THE TASK:
Each line below must be set down exactly; omit any image you find.

--- GIVEN MATERIAL Enclosed Below ---

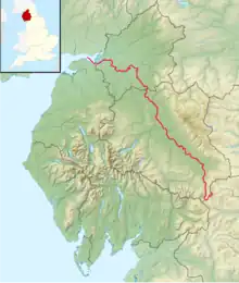 Continuing north, it formed the eastern boundary of Inglewood Forest.[3] It passes close to the ancient stone circle known as Long Meg and Her Daughters and through the sparsely populated beef and dairy farming regions of the vale of Cumbria on the Solway Plain. After flowing through Wetheral, where it is crossed by Corby Bridge, a Grade I listed railway viaduct of 1834, it merges with the River Irthing from the east, followed by the River Petteril and River Caldew from the south, as it winds through Carlisle.
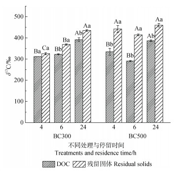 注:不同小写字母表示相同停留时间、相同制备温度的生物质炭,DOC和残留固体之间的显著性差异,P < 0.05;不同大写字母表示相同制备温度的生物质炭的相同组分,不同停留时间之间的显著性差异,P < 0.05。图中误差线为平均值的标准误,n=3。 Note: Within one residence time and one biochar, different lowercase letters denote significant differences between DOC and residual solids, P < 0.05;Within one component of one biochar, different uppercase letters denote significant differences between different residence times, P < 0.05. Vertical bars denote the standard errors of the means, n=3. 图 2 停留时间为4 h、6 h、24 h的标记水稻的地上部分分别在300℃(BC300)和500℃(BC500)制备的生物质炭的热水可提取有机碳(DOC)和残留固体的δ13C Fig. 2 δ13C values of hot water extractable dissolved organic carbon(DOC)and the residual solid of the biochars produced at 300℃(BC300)and 500℃(BC500), respectively from the aboveground tissues of labeled rice plants harvested at residence times of 4 h, 6 h and 24 h, respectively |
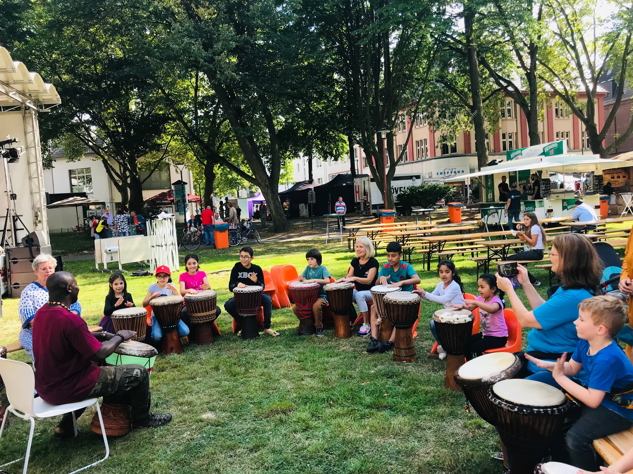 Im Amtshauspark gibt es ein reichhaltiges Angebot für groß und klein. Start war am heutigen Freitag um 15.00 Uhr. Die „Mama Limbo Drumming School“ lädt die BesucherInnen zu einem Trommelworkshop mit anschließendem Auftritt ein.
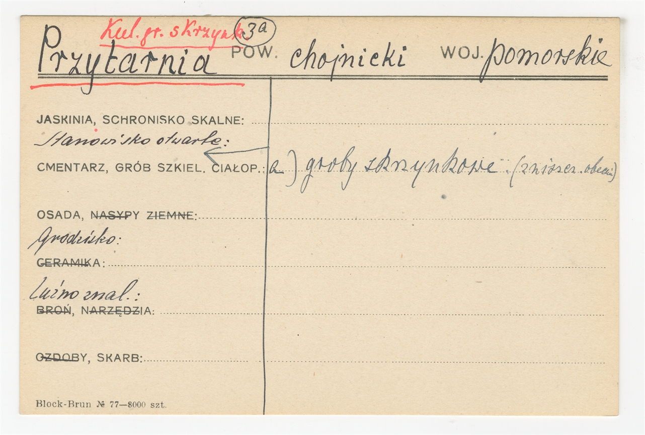 Karta stanowiska "Przytarnia pow. chojnicki woj. pomorskie" (druk rękopis) - strona 1

--- End of Enclosed GIVEN MATERIAL ---

RESULT OF THE TASK:
 Continuing north, it formed the eastern boundary of Inglewood Forest.[3] It passes close to the ancient stone circle known as Long Meg and Her Daughters and through the sparsely populated beef and dairy farming regions of the vale of Cumbria on the Solway Plain. After flowing through Wetheral, where it is crossed by Corby Bridge, a Grade I listed railway viaduct of 1834, it merges with the River Irthing from the east, followed by the River Petteril and River Caldew from the south, as it winds through Carlisle.
 注:不同小写字母表示相同停留时间、相同制备温度的生物质炭,DOC和残留固体之间的显著性差异,P < 0.05;不同大写字母表示相同制备温度的生物质炭的相同组分,不同停留时间之间的显著性差异,P < 0.05。图中误差线为平均值的标准误,n=3。 Note: Within one residence time and one biochar, different lowercase letters denote significant differences between DOC and residual solids, P < 0.05;Within one component of one biochar, different uppercase letters denote significant differences between different residence times, P < 0.05. Vertical bars denote the standard errors of the means, n=3. 图 2 停留时间为4 h、6 h、24 h的标记水稻的地上部分分别在300℃(BC300)和500℃(BC500)制备的生物质炭的热水可提取有机碳(DOC)和残留固体的δ13C Fig. 2 δ13C values of hot water extractable dissolved organic carbon(DOC)and the residual solid of the biochars produced at 300℃(BC300)and 500℃(BC500), respectively from the aboveground tissues of labeled rice plants harvested at residence times of 4 h, 6 h and 24 h, respectively |
 Im Amtshauspark gibt es ein reichhaltiges Angebot für groß und klein. Start war am heutigen Freitag um 15.00 Uhr. Die „Mama Limbo Drumming School“ lädt die BesucherInnen zu einem Trommelworkshop mit anschließendem Auftritt ein.
 Karta stanowiska "Przytarnia pow. chojnicki woj. pomorskie" (druk rękopis) - strona 1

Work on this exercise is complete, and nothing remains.